No, this is not a new movie in the Marvel Cinematic Universe, but the implications might be enough for Thanos to even raise an eyebrow. The newly published study takes a hard look at the underlying mechanisms for the DNA mismatch repair (MMR) pathway—which helps maintain genomic fidelity by more than 1000-fold. Typically, MMR works in concert with the DNA replication machinery, utilizing two proofreading proteins that work together as an emergency stop button to prevent replication errors. Now, new research from North Carolina (NC) State University and the University of North Carolina (UNC) at Chapel Hill shows how these proteins—MutL and MutS—prevent DNA replication errors by creating an immobile structure that recruits more proteins to the site to repair the error.
“Although mismatches are rare, the human genome contains approximately six billion nucleotides in every cell, resulting in approximately 600 errors per cell, and the human body consists of more than 37 trillion cells,” explained co-senior study investigator Dorothy Erie, PhD, a chemistry professor at UNC-Chapel Hill and a member of UNC’s Lineberger Comprehensive Cancer Center. “Consequently, if these errors go unchecked, they can result in a vast array of mutations, which in turn can result in a variety of cancers, collectively known as Lynch Syndrome.”
Findings from the new study—published recently in two PNAS articles titled, “Recurrent mismatch binding by MutS mobile clamps on DNA localizes repair complexes nearby” and “Dynamic human MutSα-MutLα complexes compact mismatched DNA”—also suggest that the immobile structure could also prevent the mismatched region from being “packed” back into the cell during division.
When a cell prepares to divide, the DNA splits, with the double helix “unzipping” into two separate backbones. New nucleotides are filled into the gaps on the other side of the backbone, pairing with their counterparts and replicating the DNA to make a copy for both the old and the new cells. The nucleotides are a correct match most of the time, but occasionally—about one time in 10 million—there is a mismatch.
A pair of proteins known as MutS and MutL work together to initiate repair of these mismatches. MutS slides along the newly created side of the DNA strand after it is replicated, proofreading it. When it finds a mismatch, it locks into place at the site of the error and recruits MutL to come and join it. MutL marks the newly formed DNA strand as defective and signals a different protein to gobble up the portion of the DNA containing the error. Then the nucleotide matching starts over, filling the gap again. The entire process reduces replication errors around a 1000-fold, serving as one of our body’s best defenses against genetic mutations that can lead to cancer.
“We know that MutS and MutL find, bind, and recruit repair proteins to DNA,” noted co-senior study investigator, Keith Weninger, PhD, a biophysicist and university faculty scholar at NC State. “But one question remained—do MutS and MutL move from the mismatch during the repair recruiting process, or stay where they are?”
Between the two papers, Weninger and Erie looked at both human and bacterial DNA to gain a clearer temporal and structural picture of what happens when MutS and MutL engage in mismatch repair.
Using both fluorescent and non-fluorescent imaging techniques, including atomic force microscopy, optical spectroscopy, and tethered particle motion, the researchers found that MutL “freezes” MutS in place at the site of the mismatch, forming a stable complex that stays in that vicinity until the repair can take place. The complex appears to reel in the DNA around the mismatch as well, marking and protecting the DNA region until the repair can occur.

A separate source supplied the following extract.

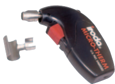
Piezo IRODA 0533 0120 000

Uvedený přehled je výběrem z dodávaného sortimentu horkovzdušných pistolí. Přesné údaje naleznete v kapitole „Nářadí“ D7.

“We use single-molecule FRET to follow the post-recognition states of MutS and the impact of MutL on its properties. In contrast to current thinking, we find that after the initial mobile clamp formation event, MutS undergoes frequent cycles of mismatch rebinding and mobile clamp reformation without releasing DNA,” the authors wrote. “Notably, ATP hydrolysis is required to alter the conformation of MutS such that it can recognize the mismatch again instead of bypassing it; thus, ATP hydrolysis licenses the MutS mobile clamp to rebind the mismatch. Moreover, interaction with MutL can both trap MutS at the mismatch en route to mobile clamp formation and stop the movement of the mobile clamp on DNA. MutS’s frequent rebinding of the mismatch, which increases its residence time in the vicinity of the mismatch, coupled with MutL’s ability to trap MutS, should increase the probability that MutS–MutL MMR initiation complexes localize near the mismatch.”
“Due to the mobility of these proteins, current thinking envisioned MutS and MutL sliding freely along the mismatched strand, rather than stopping,” Weninger concluded. “This work demonstrates that the process is different than previously thought. Additionally, the complex’s interaction with the strand effectively stops any other processes until repair takes place. So, the defective DNA strand cannot be repacked into a chromosome and then carried forward through cell division.”